▶ WORK TASK
Pictures within the data are to be left out; everything else must be reproduced exactly.
☆ ☆ ☆ ☆ ☆ ☆ ☆
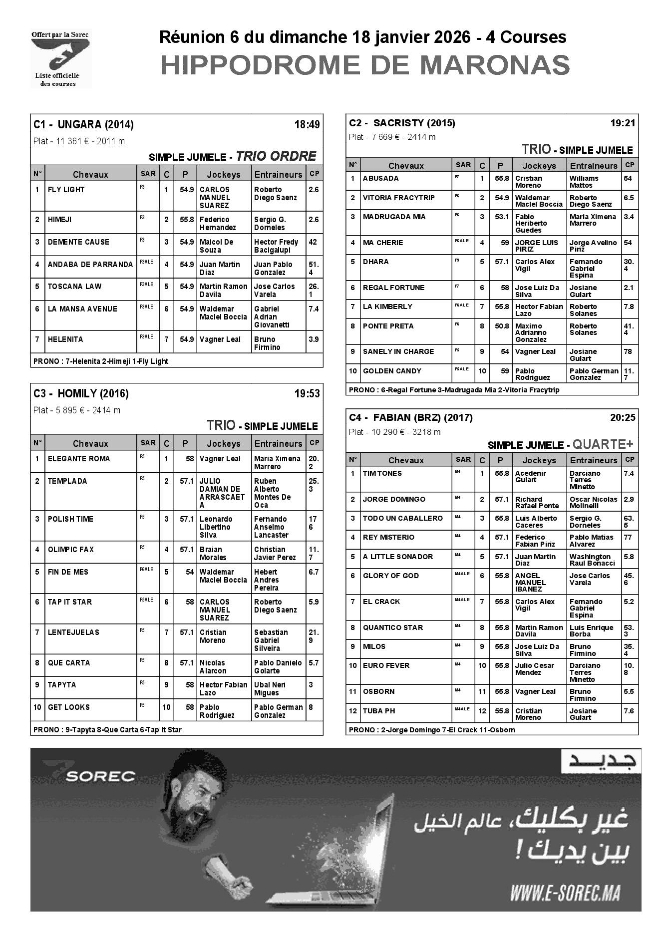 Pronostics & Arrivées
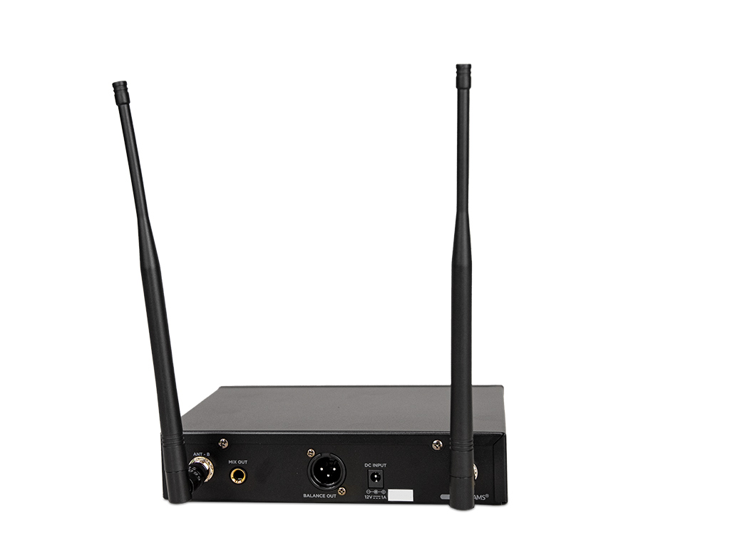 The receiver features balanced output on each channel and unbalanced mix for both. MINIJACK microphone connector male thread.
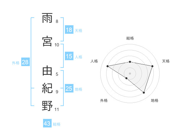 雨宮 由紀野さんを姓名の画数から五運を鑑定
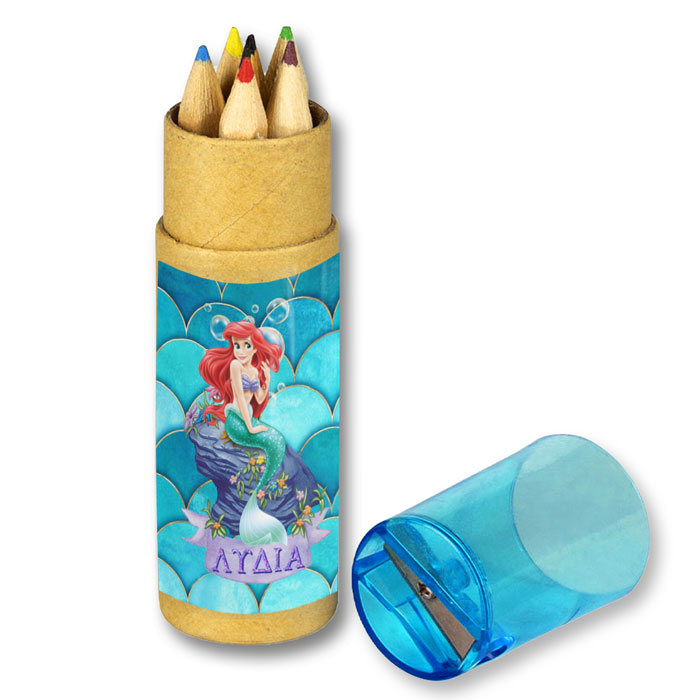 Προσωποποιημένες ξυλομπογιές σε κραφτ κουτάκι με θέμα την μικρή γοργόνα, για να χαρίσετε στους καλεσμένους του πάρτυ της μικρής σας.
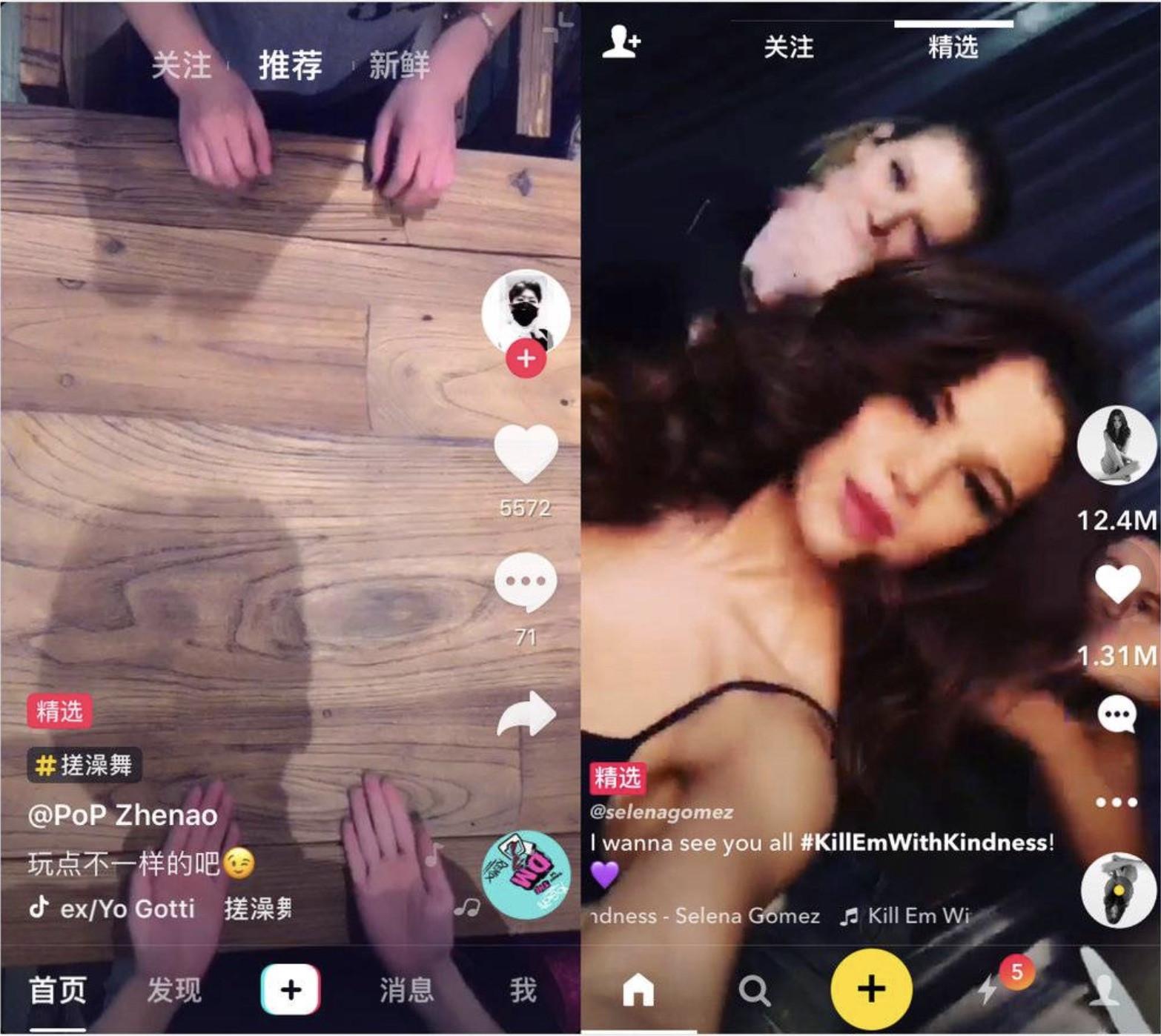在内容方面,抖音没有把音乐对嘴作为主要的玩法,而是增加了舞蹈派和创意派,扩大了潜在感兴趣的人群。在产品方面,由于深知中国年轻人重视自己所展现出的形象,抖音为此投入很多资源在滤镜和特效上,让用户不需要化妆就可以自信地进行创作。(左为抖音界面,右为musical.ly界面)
☆ ☆ ☆ ☆ ☆ ☆ ☆
▶ SOLUTION TO THE EXERCISE
 Pronostics & Arrivées
 The receiver features balanced output on each channel and unbalanced mix for both. MINIJACK microphone connector male thread.
 雨宮 由紀野さんを姓名の画数から五運を鑑定
 Προσωποποιημένες ξυλομπογιές σε κραφτ κουτάκι με θέμα την μικρή γοργόνα, για να χαρίσετε στους καλεσμένους του πάρτυ της μικρής σας.
在内容方面,抖音没有把音乐对嘴作为主要的玩法,而是增加了舞蹈派和创意派,扩大了潜在感兴趣的人群。在产品方面,由于深知中国年轻人重视自己所展现出的形象,抖音为此投入很多资源在滤镜和特效上,让用户不需要化妆就可以自信地进行创作。(左为抖音界面,右为musical.ly界面)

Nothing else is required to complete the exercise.